Most of those aid trucks were looted before their contents could be distributed, GMO added, accusing the Israeli occupation regime of engineering security chaos and starvation in Gaza.
“Famine is ravaging Gaza’s children amid shameful international silence,” GMO said in a statement on Sunday, calling for the “immediate opening of the crossings and the entry of sufficient quantities of aid and baby formula.”
On Sunday, Gaza’s health ministry said that six adult people died of malnutrition and starvation in the past 24 hours.
These new fatalities have brought the total number of deaths from malnutrition to 175, including 93 children, according to the health ministry.
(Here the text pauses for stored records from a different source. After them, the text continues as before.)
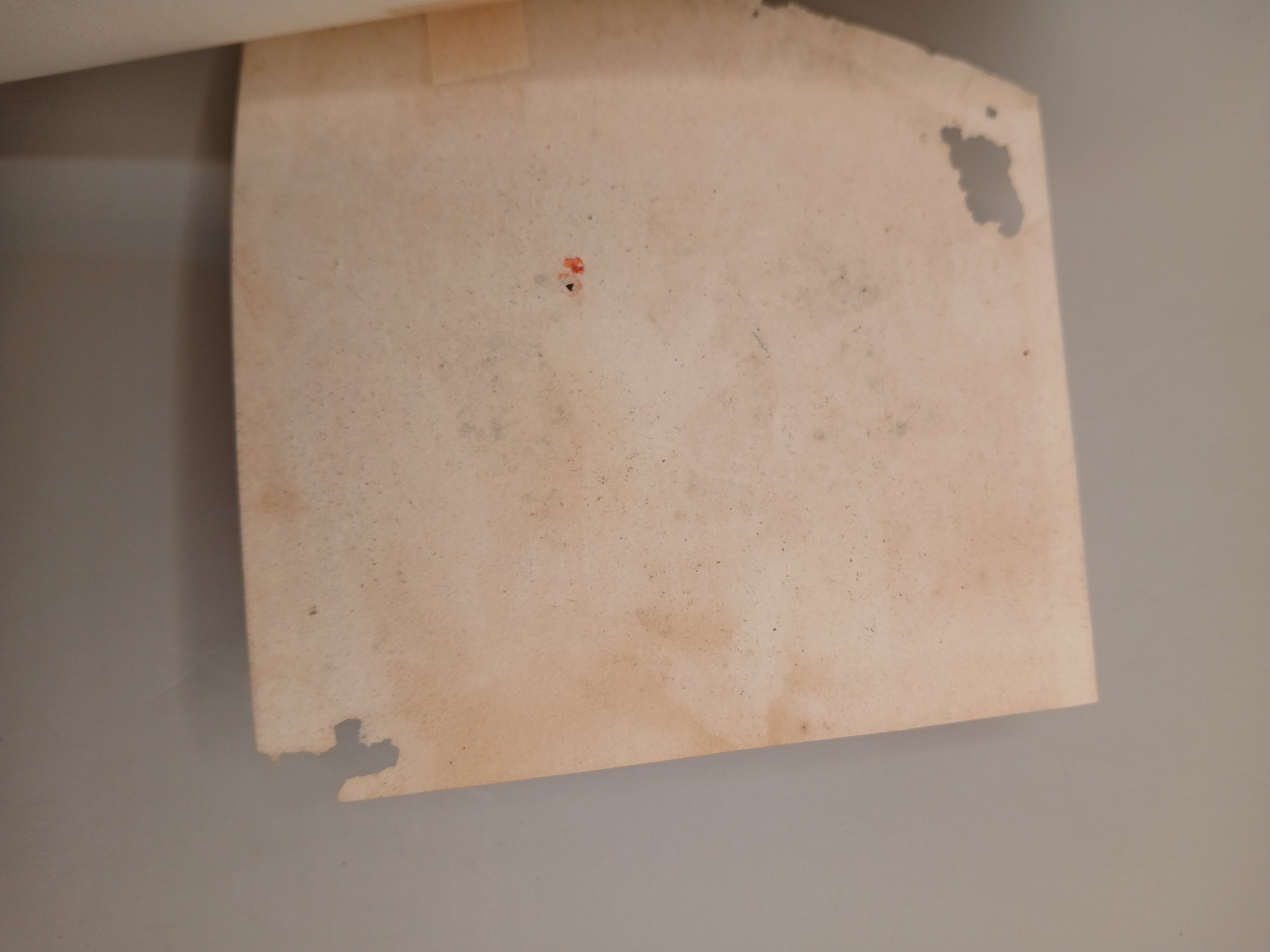 miedzioryt ok. 10 x 9,5 cm. Rycina mocno przycięta i uszkodzona, na grubym papierze, kolorowana w epoce, podklejona "podlepką" do kartki papieru.
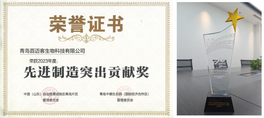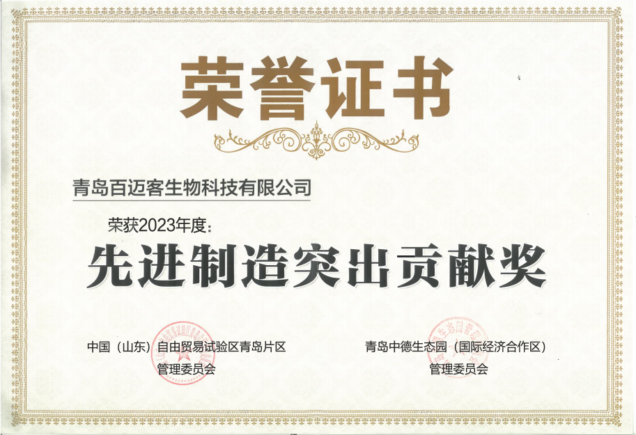 近日,中國(山東)自由貿(mào)易試驗(yàn)區(qū)青島片區(qū)管理委員會(huì)組織開展了2023年度“先進(jìn)制造突出貢獻(xiàn)獎(jiǎng)”“常青藤企業(yè)獎(jiǎng)”等九個(gè)獎(jiǎng)項(xiàng)評(píng)選,旨在大力弘揚(yáng)企業(yè)家精神,激發(fā)企業(yè)和企業(yè)家的創(chuàng)業(yè)熱情,推動(dòng)先進(jìn)制造業(yè)發(fā)展。百邁客生物從眾多企業(yè)中脫穎而出,榮獲“2023年度先進(jìn)制造突出貢獻(xiàn)獎(jiǎng)“。
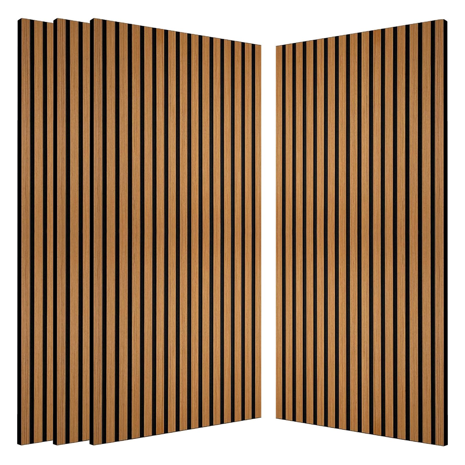Unser Akustikpaneel-Set im 4er-Set verschönert Ihren Raum nicht nur, sondern beeindruckt auch. Jedes Wandpaneel misst 120 x 60 cm und besteht aus schallabsorbierendem Polyesterfilz und 10 mm dicken Holzlamellen, auf der Rückseite mit mitteldichter Faserplatte (MDF). Die präzise Materialdichte von bis zu 0,903 g/cm³ reduziert Lärm deutlich und minimiert störende Echos. Die Montage ist dank der selbstklebenden Rückseite kinderleicht. Ob im Wohnzimmer, Schlafzimmer, Heimkino oder Studio – diese modernen Akustikstreifen bieten nicht nur hervorragende Schallabsorption, sondern sind auch ein Blickfang. Die elegante Holzoptik fügt sich harmonisch in jeden Raumstil ein und schafft eine warme und angenehme Atmosphäre.
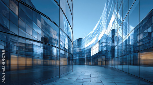 Modern glass architecture curves create a futuristic urban environment with reflection
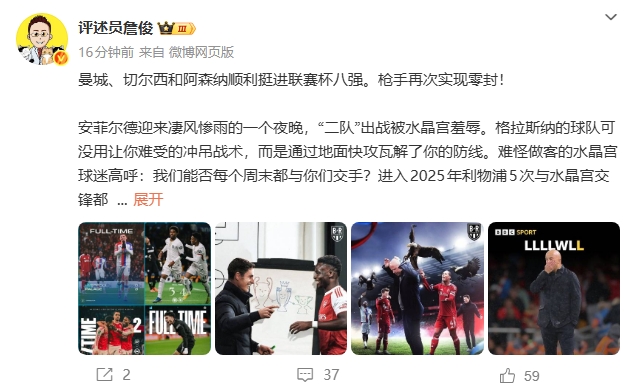 10月30日讯 联赛杯截至多场对阵,其中利物浦惨败于水晶宫,无缘晋级。赛后挑剔员詹俊发文。

On Saturday, a 17-year-old Palestinian boy was among seven Palestinians who died from malnutrition within 24 hours in Gaza.
For its part, the UN Children’s Fund (UNICEF) has warned that the Gaza Strip is facing a grave risk of famine, with one in three people going days without food.
UNICEF also urged the international community to act swiftly as humanitarian conditions continue to deteriorate due to Israel’s genocidal war.
“Today, more than 320,000 young children are at risk of acute malnutrition,” Ted Chaiban, UNICEF’s deputy executive director for humanitarian action and supply operations, said in a statement on Friday following a recent trip to 1948 occupied Palestine, Gaza and the West Bank.
Chaiban said the malnutrition indicator in Gaza has “exceeded the famine threshold.”
“Today, I want to keep the focus on Gaza, because it’s in Gaza where the suffering is most acute and where children are dying at an unprecedented rate,” the UNICEF official said.
“We are at a crossroads, and the choices made now will determine whether tens of thousands of children live or die,” he added.